(Your assignment):
When the line containing "Schmalfilmkamera für Doppel-8-Spulen, hergestellt" is found in the data below, give it again along with every later line, exactly; drop the pictures.

◇ ◇ ◇ ◇

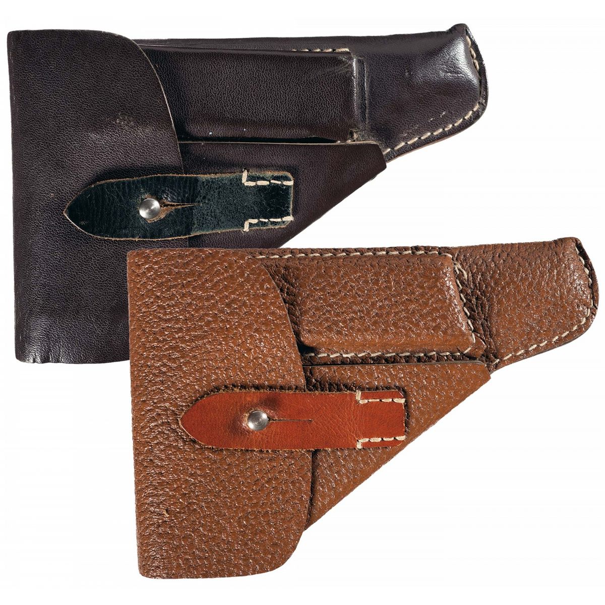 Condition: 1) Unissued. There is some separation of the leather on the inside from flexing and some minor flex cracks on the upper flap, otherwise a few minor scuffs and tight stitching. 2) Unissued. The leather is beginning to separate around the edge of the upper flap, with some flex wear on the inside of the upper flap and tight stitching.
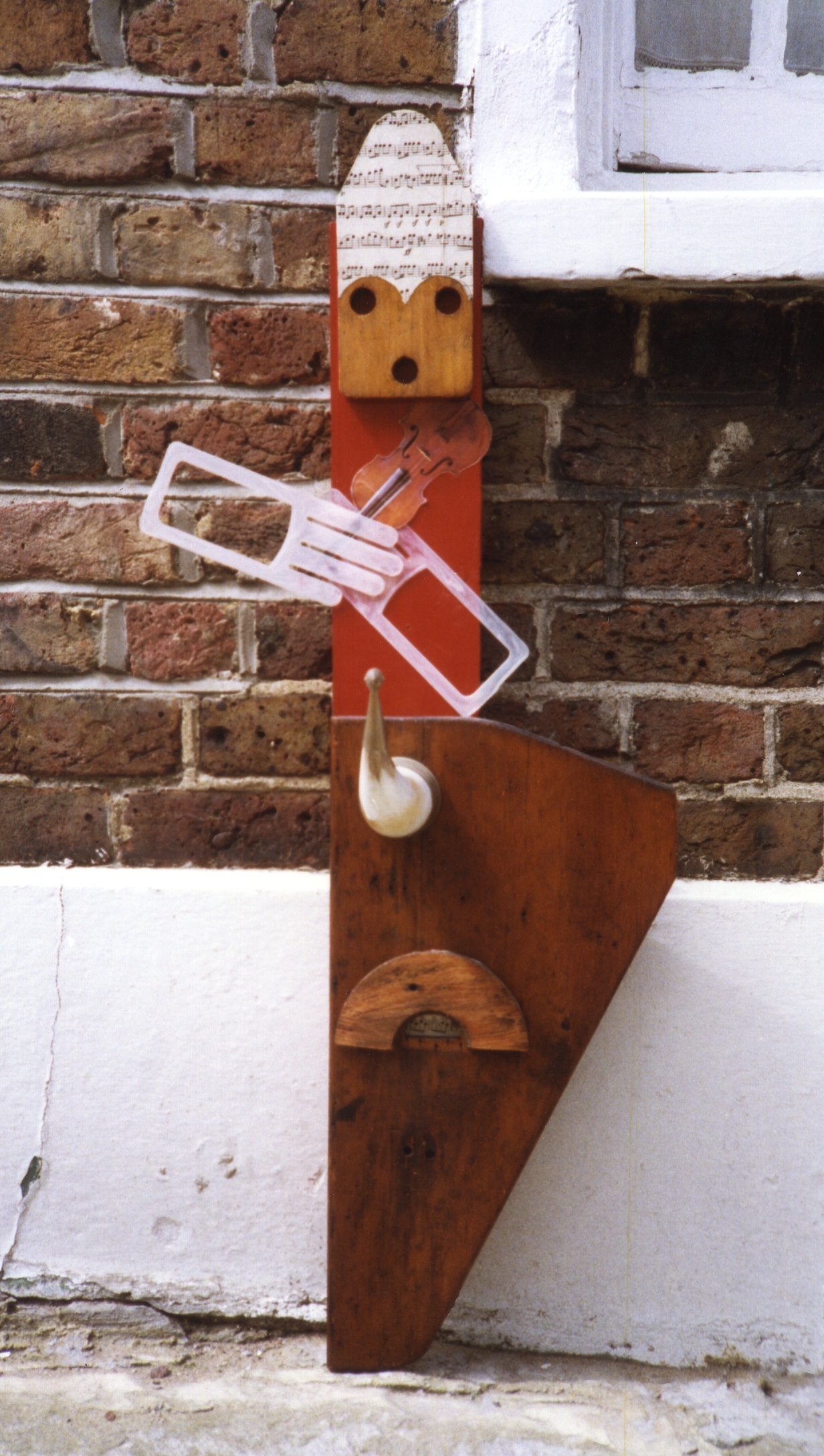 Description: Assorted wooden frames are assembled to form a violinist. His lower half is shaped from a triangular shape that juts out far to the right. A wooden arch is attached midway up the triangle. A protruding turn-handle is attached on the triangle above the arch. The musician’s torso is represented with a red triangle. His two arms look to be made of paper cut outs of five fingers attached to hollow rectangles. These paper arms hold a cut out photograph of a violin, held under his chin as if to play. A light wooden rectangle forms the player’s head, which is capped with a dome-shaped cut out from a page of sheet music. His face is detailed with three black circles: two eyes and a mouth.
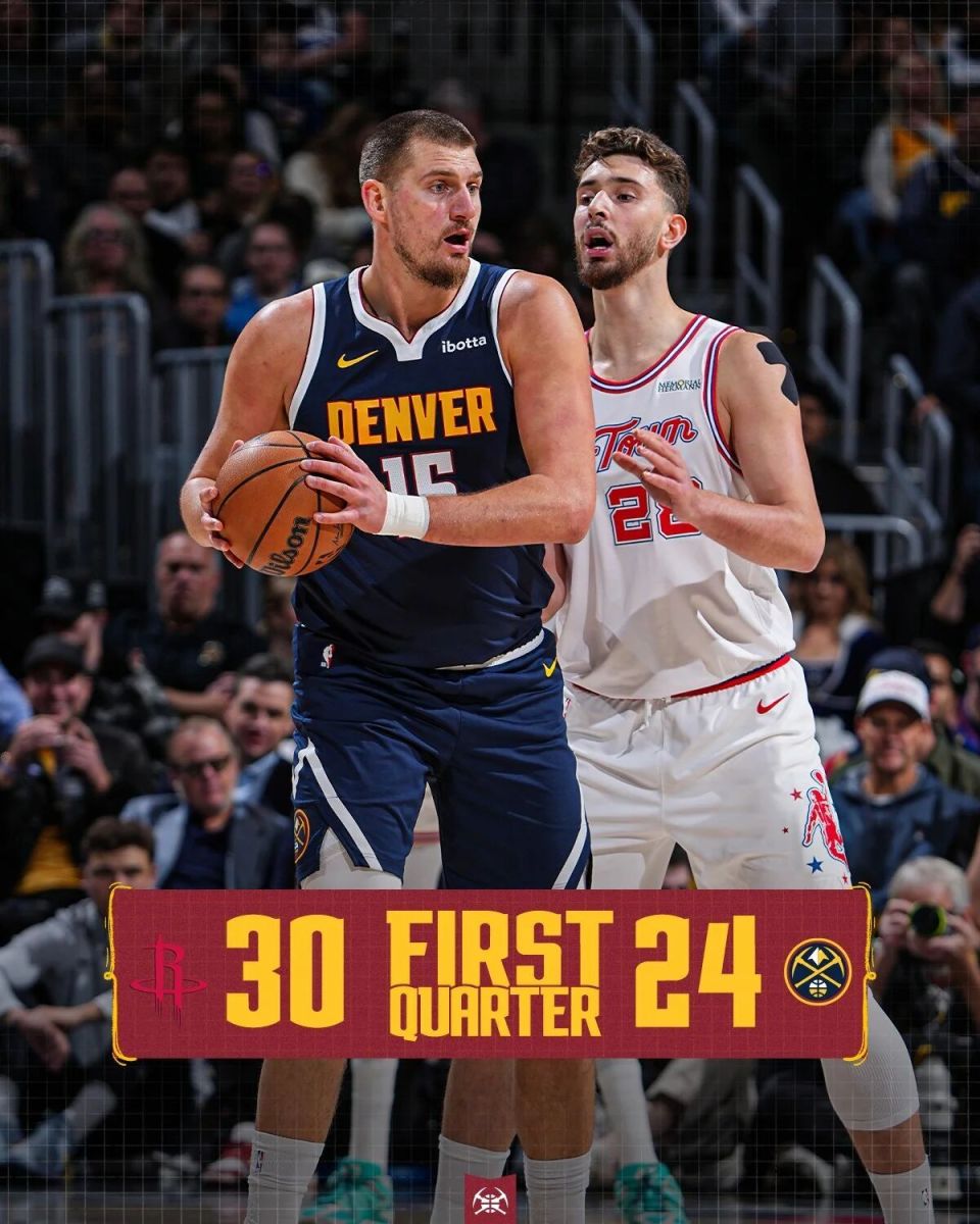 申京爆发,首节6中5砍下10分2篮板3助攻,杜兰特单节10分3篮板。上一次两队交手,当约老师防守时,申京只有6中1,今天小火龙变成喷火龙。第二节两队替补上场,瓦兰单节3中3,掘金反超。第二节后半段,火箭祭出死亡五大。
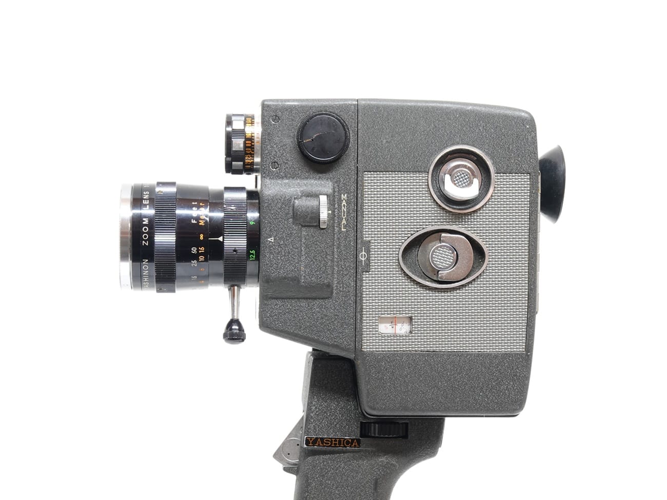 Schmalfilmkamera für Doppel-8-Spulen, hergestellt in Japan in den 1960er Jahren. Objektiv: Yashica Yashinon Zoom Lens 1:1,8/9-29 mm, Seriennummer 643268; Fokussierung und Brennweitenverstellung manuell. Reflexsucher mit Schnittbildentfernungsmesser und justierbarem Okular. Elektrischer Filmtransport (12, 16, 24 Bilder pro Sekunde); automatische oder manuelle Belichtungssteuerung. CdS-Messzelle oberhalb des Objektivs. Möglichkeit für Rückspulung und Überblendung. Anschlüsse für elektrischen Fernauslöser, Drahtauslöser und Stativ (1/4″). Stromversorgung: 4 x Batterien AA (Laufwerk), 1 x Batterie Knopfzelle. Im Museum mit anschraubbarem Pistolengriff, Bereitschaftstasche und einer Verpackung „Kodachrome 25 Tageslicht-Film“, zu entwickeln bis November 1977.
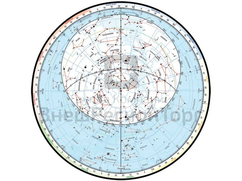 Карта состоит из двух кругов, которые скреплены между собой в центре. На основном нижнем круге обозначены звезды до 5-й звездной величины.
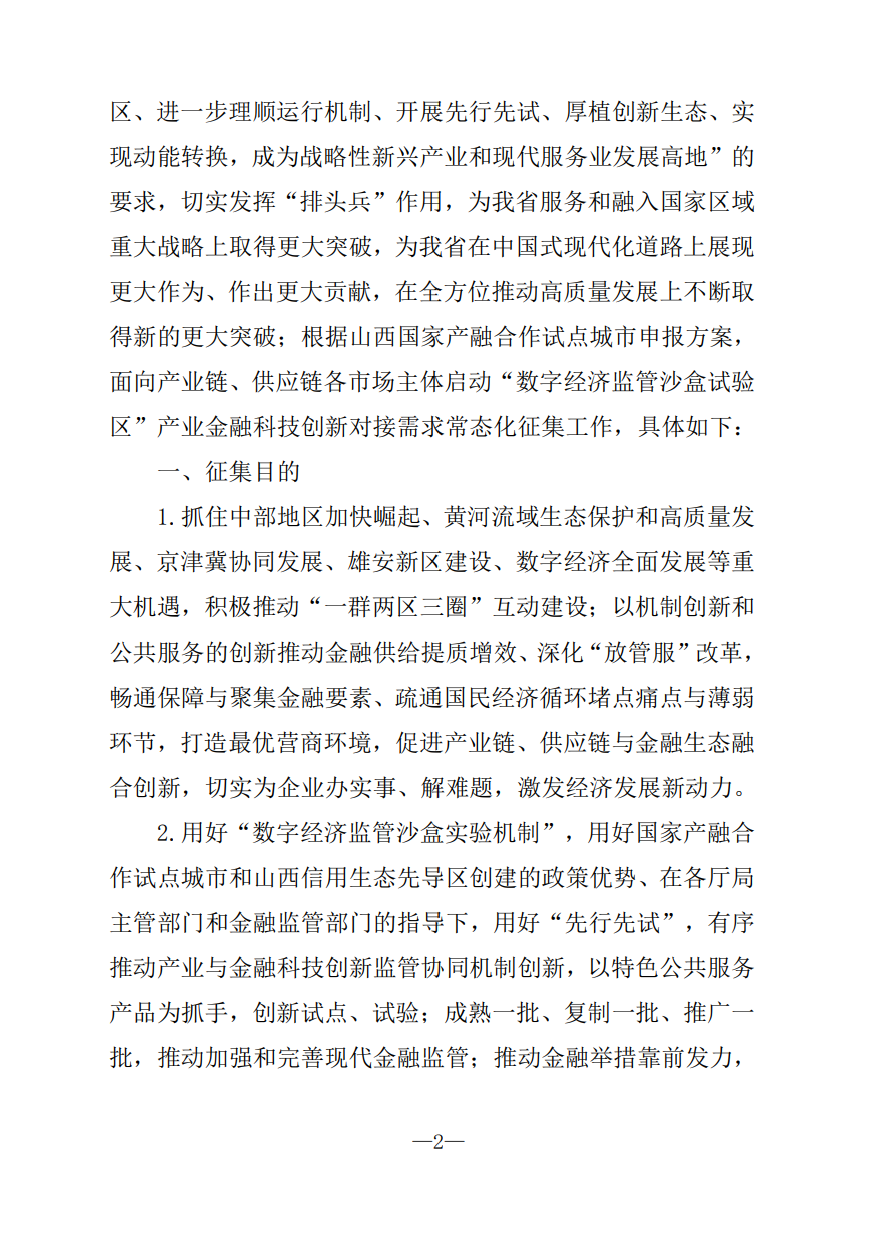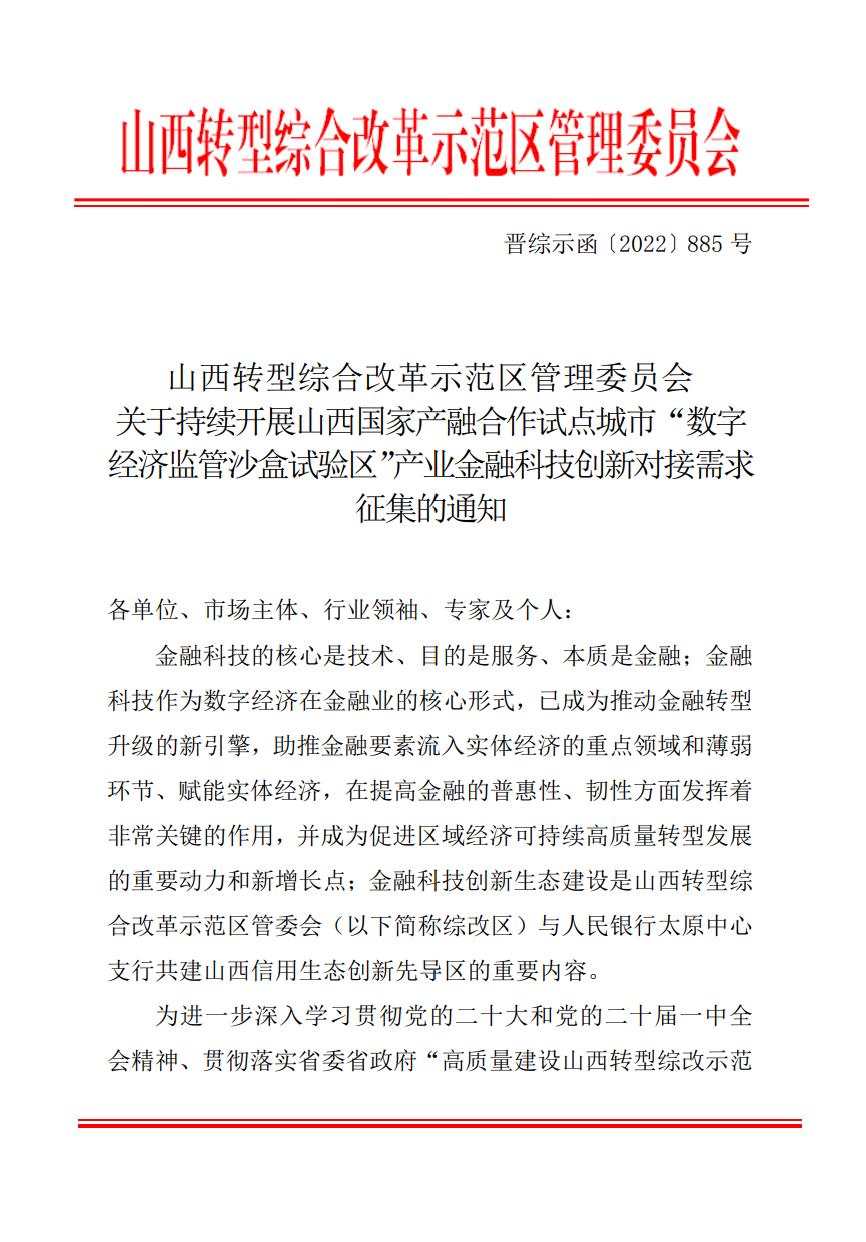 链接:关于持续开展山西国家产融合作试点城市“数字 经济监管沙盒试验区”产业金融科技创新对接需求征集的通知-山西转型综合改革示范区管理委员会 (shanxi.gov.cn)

◇ ◇ ◇ ◇

(Answer to this problem):
 Schmalfilmkamera für Doppel-8-Spulen, hergestellt in Japan in den 1960er Jahren. Objektiv: Yashica Yashinon Zoom Lens 1:1,8/9-29 mm, Seriennummer 643268; Fokussierung und Brennweitenverstellung manuell. Reflexsucher mit Schnittbildentfernungsmesser und justierbarem Okular. Elektrischer Filmtransport (12, 16, 24 Bilder pro Sekunde); automatische oder manuelle Belichtungssteuerung. CdS-Messzelle oberhalb des Objektivs. Möglichkeit für Rückspulung und Überblendung. Anschlüsse für elektrischen Fernauslöser, Drahtauslöser und Stativ (1/4″). Stromversorgung: 4 x Batterien AA (Laufwerk), 1 x Batterie Knopfzelle. Im Museum mit anschraubbarem Pistolengriff, Bereitschaftstasche und einer Verpackung „Kodachrome 25 Tageslicht-Film“, zu entwickeln bis November 1977.
 Карта состоит из двух кругов, которые скреплены между собой в центре. На основном нижнем круге обозначены звезды до 5-й звездной величины.
 链接:关于持续开展山西国家产融合作试点城市“数字 经济监管沙盒试验区”产业金融科技创新对接需求征集的通知-山西转型综合改革示范区管理委员会 (shanxi.gov.cn)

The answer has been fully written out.